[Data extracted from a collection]
○ ○ ○ ○ ○ ○ ○

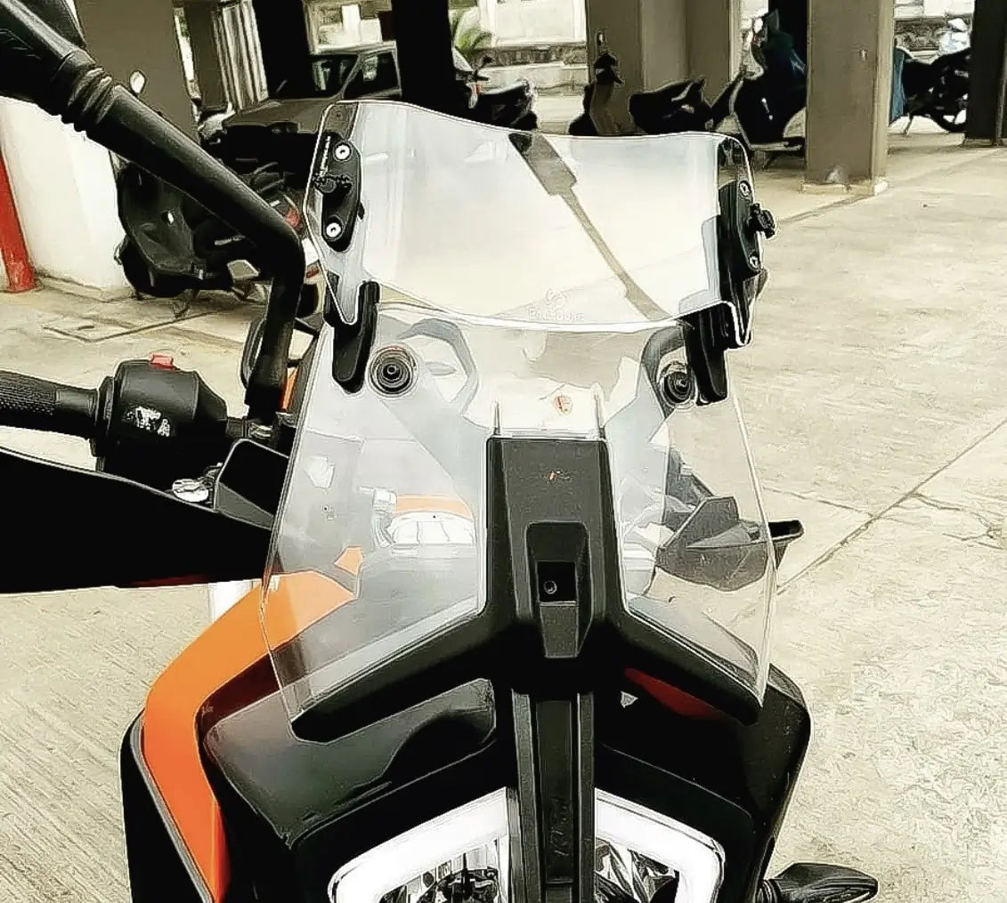 A profile specifically made for the short adventure windscreens of the KTM 250/390/790 Adventure. The ER 740 shields the rider against the high velocity air stream by using the lip extender principle.
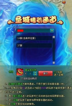 2、圣城接引进入圣城后玩家可点击圣城中央的接引阵法,对指定服务器打开接引通道。
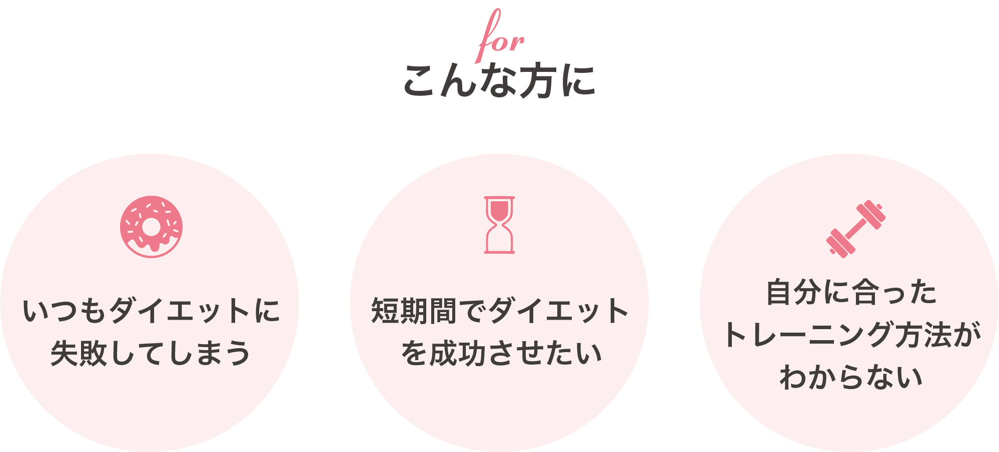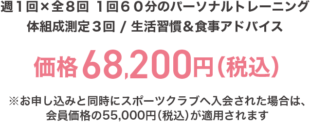 全8回・60分のパーソナルトレーニングで、 2ヶ月で-3kg、-3cmを目指すダイエットサポートプログラム。専門知識をもったトレーナーがカラダ測定&パーソナルトレーニングで理想のボディへ導きます。運動初心者・リバウンド経験者も安心して始められるダイエットプログラムです。
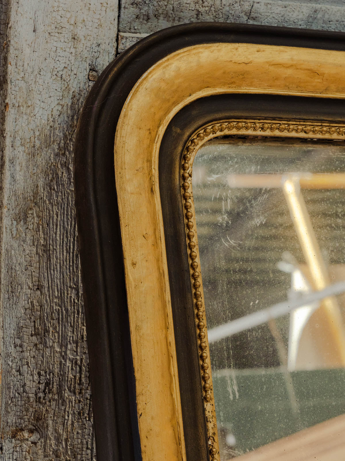 Discover this magnificent Louis Philippe mirror, enhanced with dazzling gilding and meticulous painting, which will bring a touch of elegance to your interior. Its parquet backing demonstrates quality craftsmanship, while the mercury mirror reflects the light with authentic charm. The skillfully crafted wood and stucco frame completes this exceptional piece, ideal for lovers of classic and refined decor.
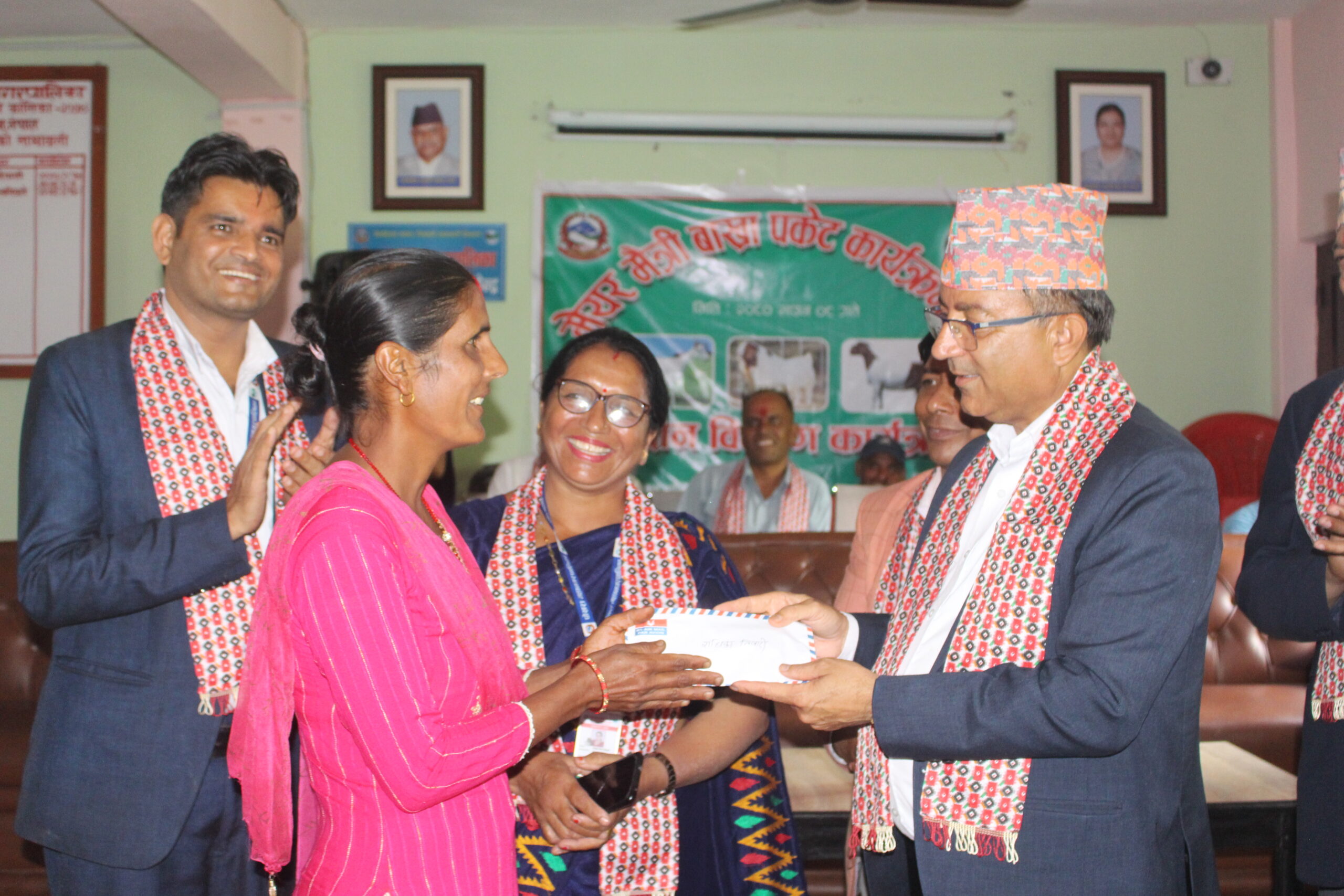 सोमबार वडा नं.१९ का २४ जना कृषकहरूलाई रु.६ लाख २० हजार, वडा नं.२० का ३२ जना कृषकहरूलाई रु.७ लाख २० हजार, वडा नं.२१ का ४३ जनालाई रु.१० लाख, वडा नं.२४ का ३७ जनालाई रु.८ लाख २० हजार, वडा नं.२५ का २३ जनालाई रु.४ लाख ८० हजार र वडा नं.२८ का ३२ जनालाई ७ लाख ६० हजार गरी १९१ जना कृषकहरूलाई रु.४४ लाख २० हजार नगद अनुदान प्रदान नगरिएको हो ।
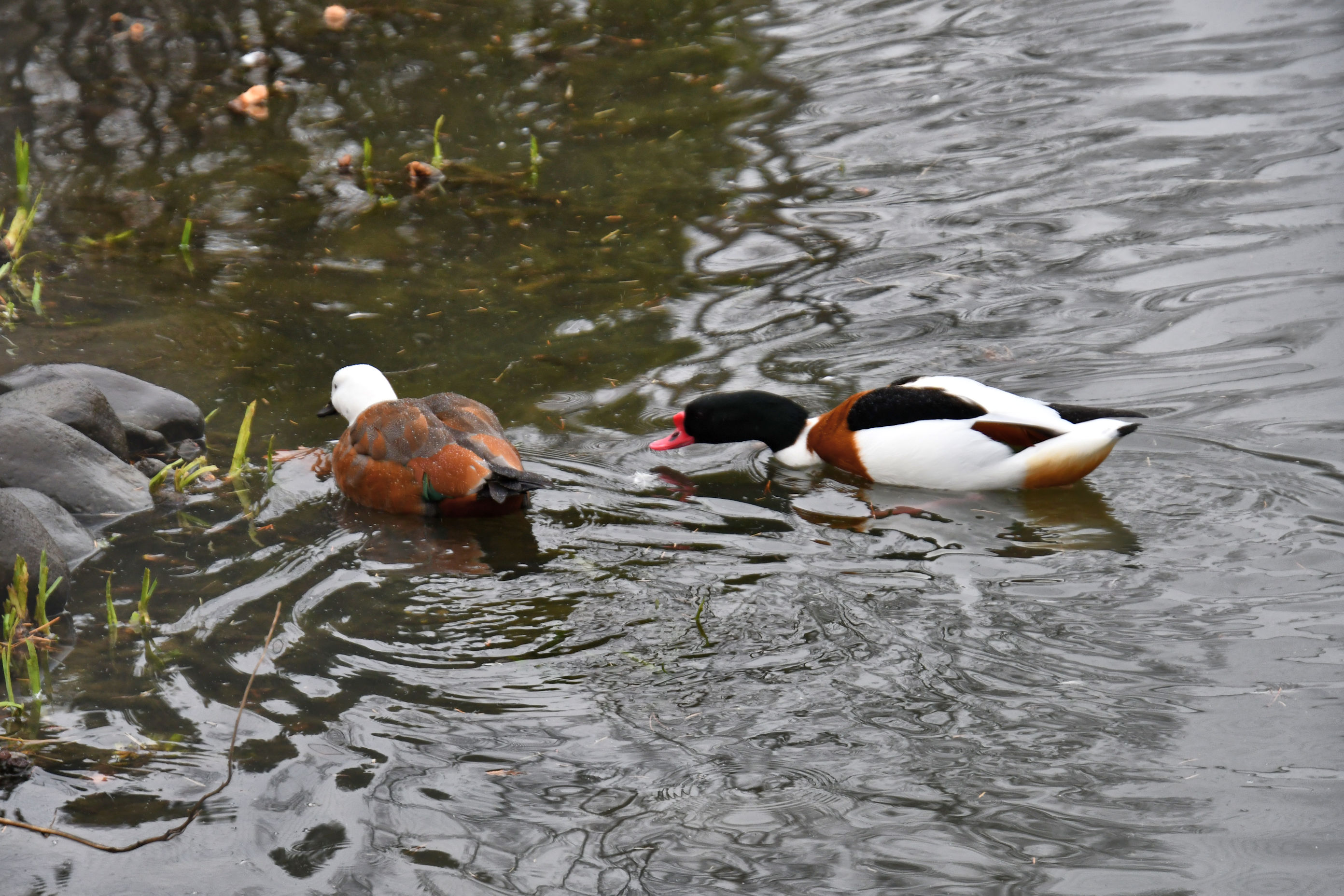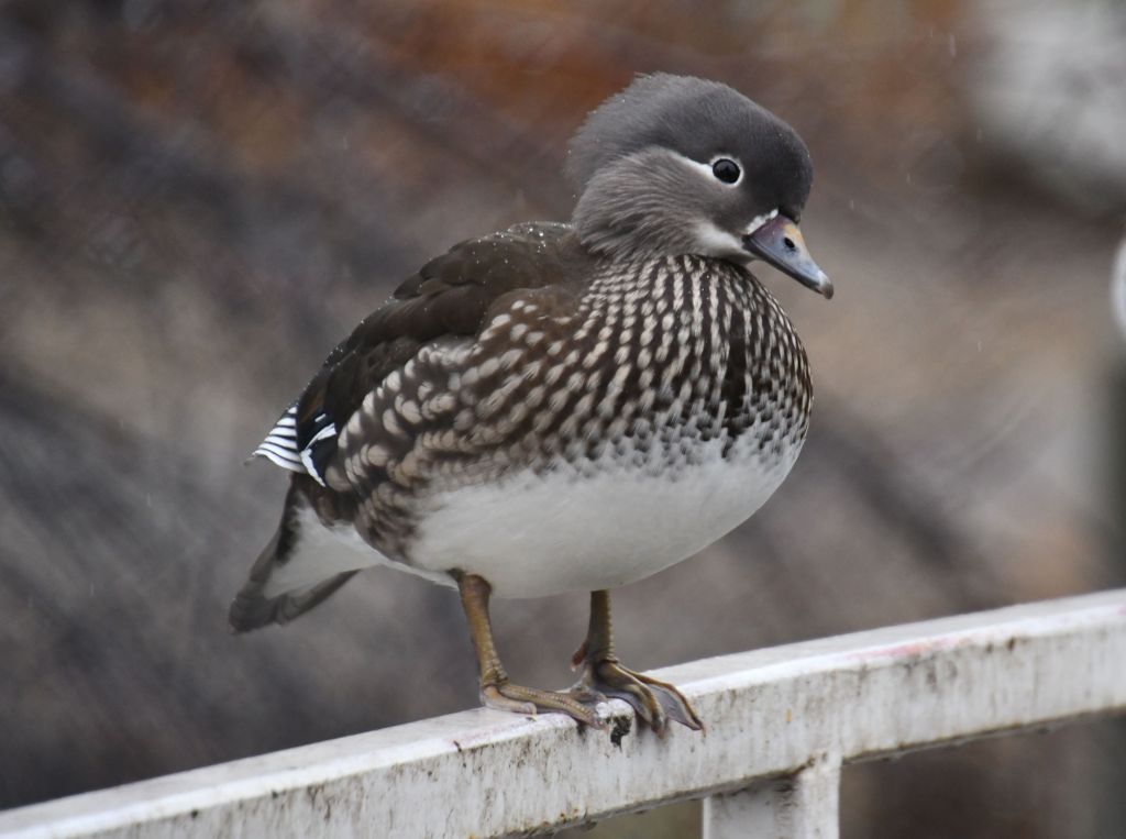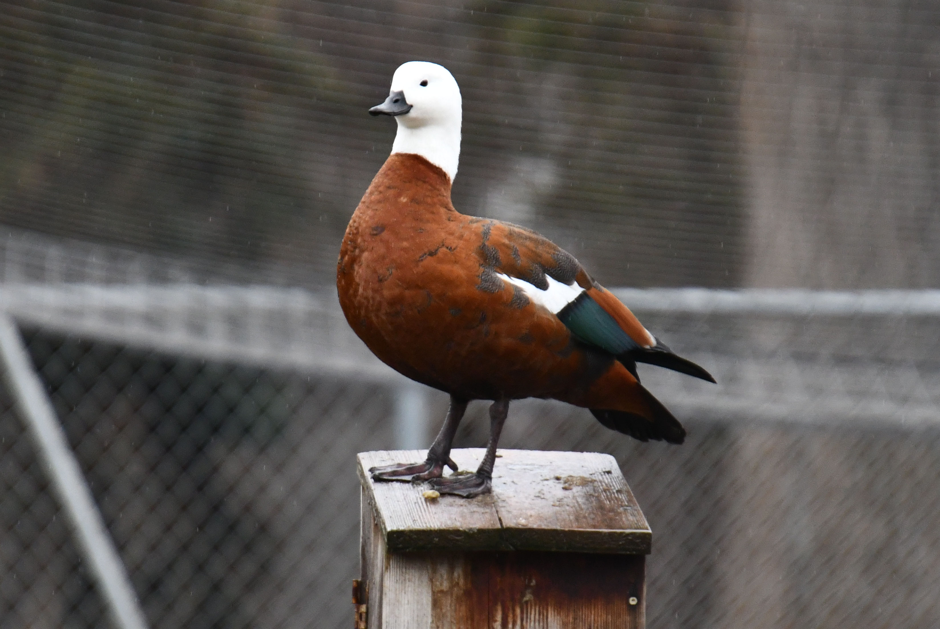 I found it difficult to photograph in the rain and between chain links. The fence surrounding the water had larger holes, so I had the opportunity to photograph through the holes. But the smaller enclosures for the non-water birds had tightly woven metal fencing and it was hopeless.

○ ○ ○ ○ ○ ○ ○

Give back the records exactly, minus any pictures.

 A profile specifically made for the short adventure windscreens of the KTM 250/390/790 Adventure. The ER 740 shields the rider against the high velocity air stream by using the lip extender principle.
 2、圣城接引进入圣城后玩家可点击圣城中央的接引阵法,对指定服务器打开接引通道。
 全8回・60分のパーソナルトレーニングで、 2ヶ月で-3kg、-3cmを目指すダイエットサポートプログラム。専門知識をもったトレーナーがカラダ測定&パーソナルトレーニングで理想のボディへ導きます。運動初心者・リバウンド経験者も安心して始められるダイエットプログラムです。
 Discover this magnificent Louis Philippe mirror, enhanced with dazzling gilding and meticulous painting, which will bring a touch of elegance to your interior. Its parquet backing demonstrates quality craftsmanship, while the mercury mirror reflects the light with authentic charm. The skillfully crafted wood and stucco frame completes this exceptional piece, ideal for lovers of classic and refined decor.
 सोमबार वडा नं.१९ का २४ जना कृषकहरूलाई रु.६ लाख २० हजार, वडा नं.२० का ३२ जना कृषकहरूलाई रु.७ लाख २० हजार, वडा नं.२१ का ४३ जनालाई रु.१० लाख, वडा नं.२४ का ३७ जनालाई रु.८ लाख २० हजार, वडा नं.२५ का २३ जनालाई रु.४ लाख ८० हजार र वडा नं.२८ का ३२ जनालाई ७ लाख ६० हजार गरी १९१ जना कृषकहरूलाई रु.४४ लाख २० हजार नगद अनुदान प्रदान नगरिएको हो ।
 I found it difficult to photograph in the rain and between chain links. The fence surrounding the water had larger holes, so I had the opportunity to photograph through the holes. But the smaller enclosures for the non-water birds had tightly woven metal fencing and it was hopeless.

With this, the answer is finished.